The formal transformation that occurred in Dziedziora's art was marked by his abandonment of his legible figuration of the 1950s in favor of the deformation of later decades, an accenting of textures, and his dismantling of forms into arrangements of smaller elements modeled out of pulsating paint. This resulted in aesthetically refined compositions that contradicted the principles employed by "Arsenal artists" and acted counter to the intentions of the author, who struggled incessantly against his natural sensitivity for color and an inborn and ever more confident and mature ability to create paintings of exceptional beauty, enchanting for their refined, vibrating colors (Zbity / Beaten, 1985-86). Dziedziora often took years to complete a canvas, as if wanting in this way to neutralize the charm of its colors; often, however, he would achieve the opposite, only augmenting their beauty over time. He simply failed to complete many of his works. In his last paintings, which are almost abstract, the silhouettes of human figures (Postać milcząca / Silent Figure) or distant echoes of landscapes (Cimochowizna, 1979) are barely evident within the arrangements of color planes. The artist also left behind a series of black and white drawings; simplified yet dramatic, these are sometimes more directly expressive than his painted works.

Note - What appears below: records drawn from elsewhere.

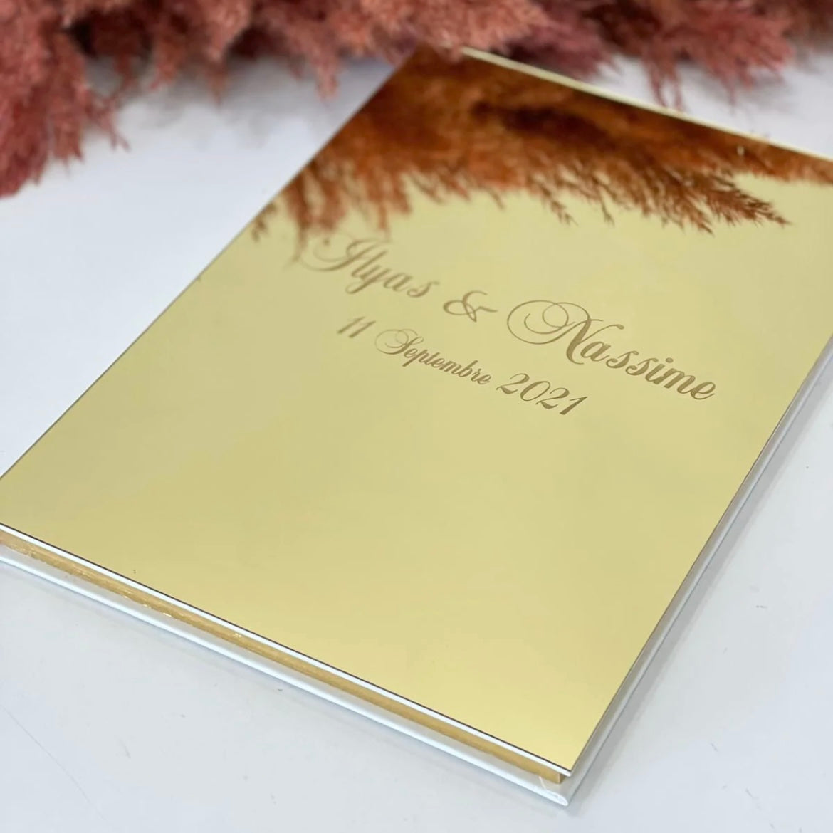 Livro de visitas personalizado em Plexiglas com efeito espelho.
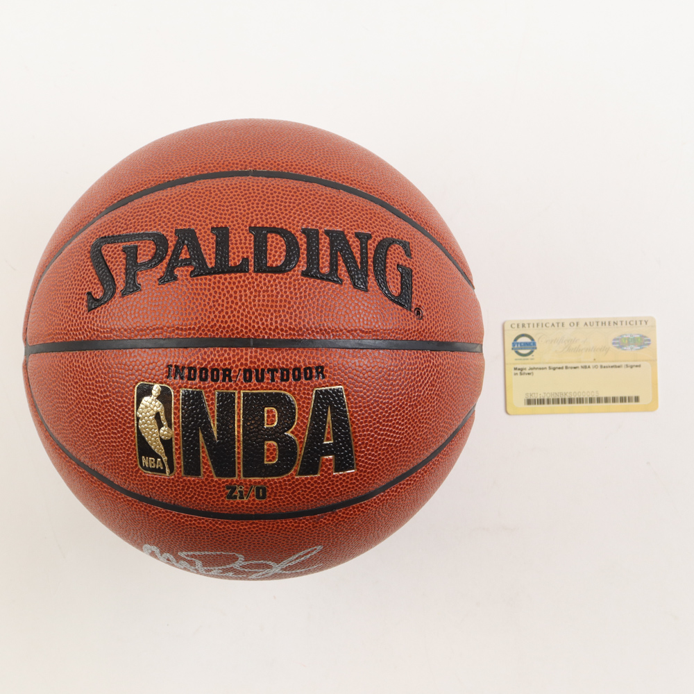 Spalding Indoor/Outdoor NBA Zi/O basketball. Hand-signed by Magic Johnson (Los Angeles Lakers, HOF). The display case is included as shown.
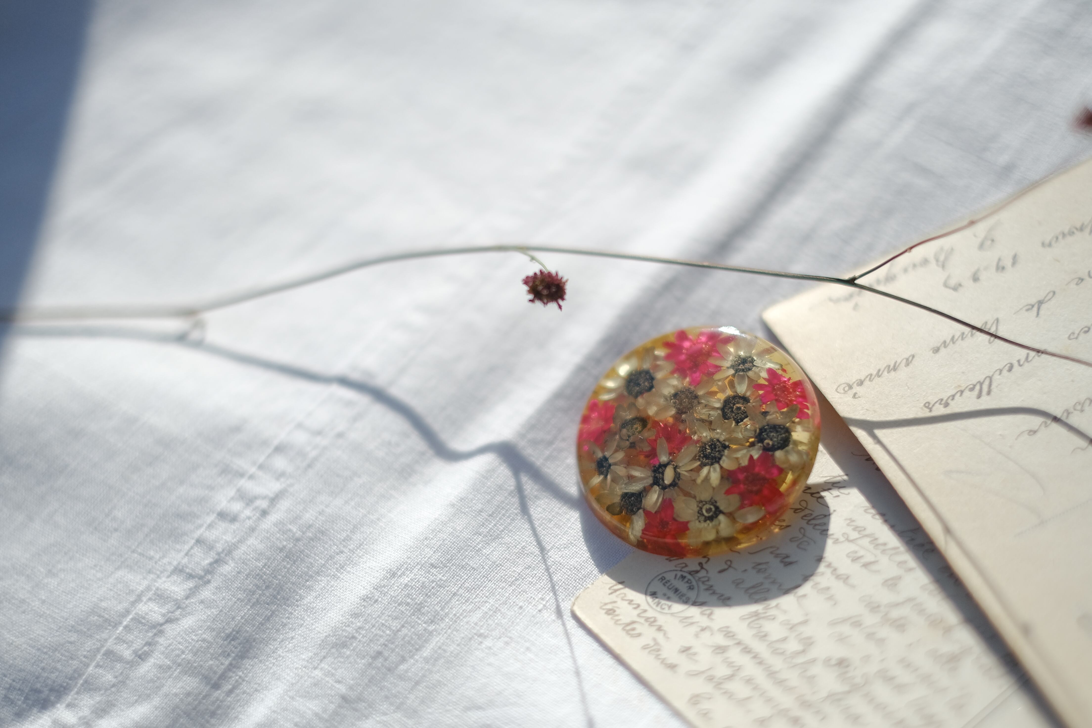立体的な紅白のお花がぎゅっとかわいく閉じ込められている宝箱の中身みたいなときめくデザイン。
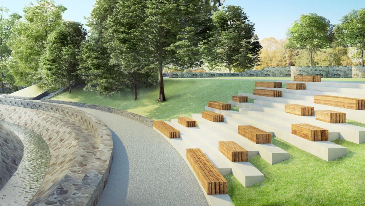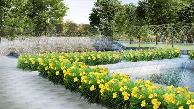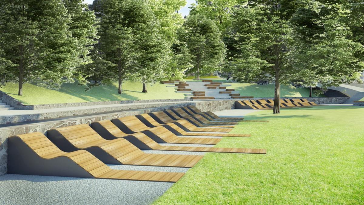 Zmodernizowane zostaną elementy małej architektury i wyposażenia parku (m.in. fontanny, które zyskają nowoczesną formę - w tym możliwość korzystania z nich, jako formy placu wodnego), a przestrzeń parkowa zostanie uzupełniona o nowe atrakcyjne elementy, takie jak schody terenowe z siedziskami oraz leżakami. Kompleksowej modernizacji poddane zostanie oświetlenie parkowe, a nasadzenia zieleni pozwolą stworzyć nowe aranżacje istniejących wnętrz parkowych. Zmodernizowana i rozbudowana zostanie publiczna toaleta, która na górnej kondygnacji uzupełniona zostanie o toaletę dla osób niepełnosprawnych i dodatkową funkcję galeryjno-wystawienniczą.

Examined as a whole, this outstanding artist's output is exceptional in the context of Polish art, and his uncompromising stance impresses if only through unflinching openness and honesty. During recent decades audiences have been reminded of his paintings by Jacek A. Zieliński, curator of the "Krąg Arsenalu" ("Arsenal Circle") Collection at the Jan Dekert Lubuskie Museum (formerly the Regional Museum) in the city of Gorzów Wielkopolski. The collection of this museum includes the afore-mentioned painting Posiłek / The Meal (exhibited alongside Oberländer's Cebule / Onions). The first posthumous solo exhibition of Dziedziora's work was held at the Museum of the Academy of Fine Arts in Warsaw in 1990. However, the monographic exhibition organized at Warsaw's Zachęta Contemporary Art Gallery in 1994 proved to be the first true summation of the artist's achievements.
Author: Malgorzata Kitowska-Lysiak, Art History Institute of the Catholic University of Lublin, Faculty of Art Theory and the History of Artistic Doctrines, December 2001.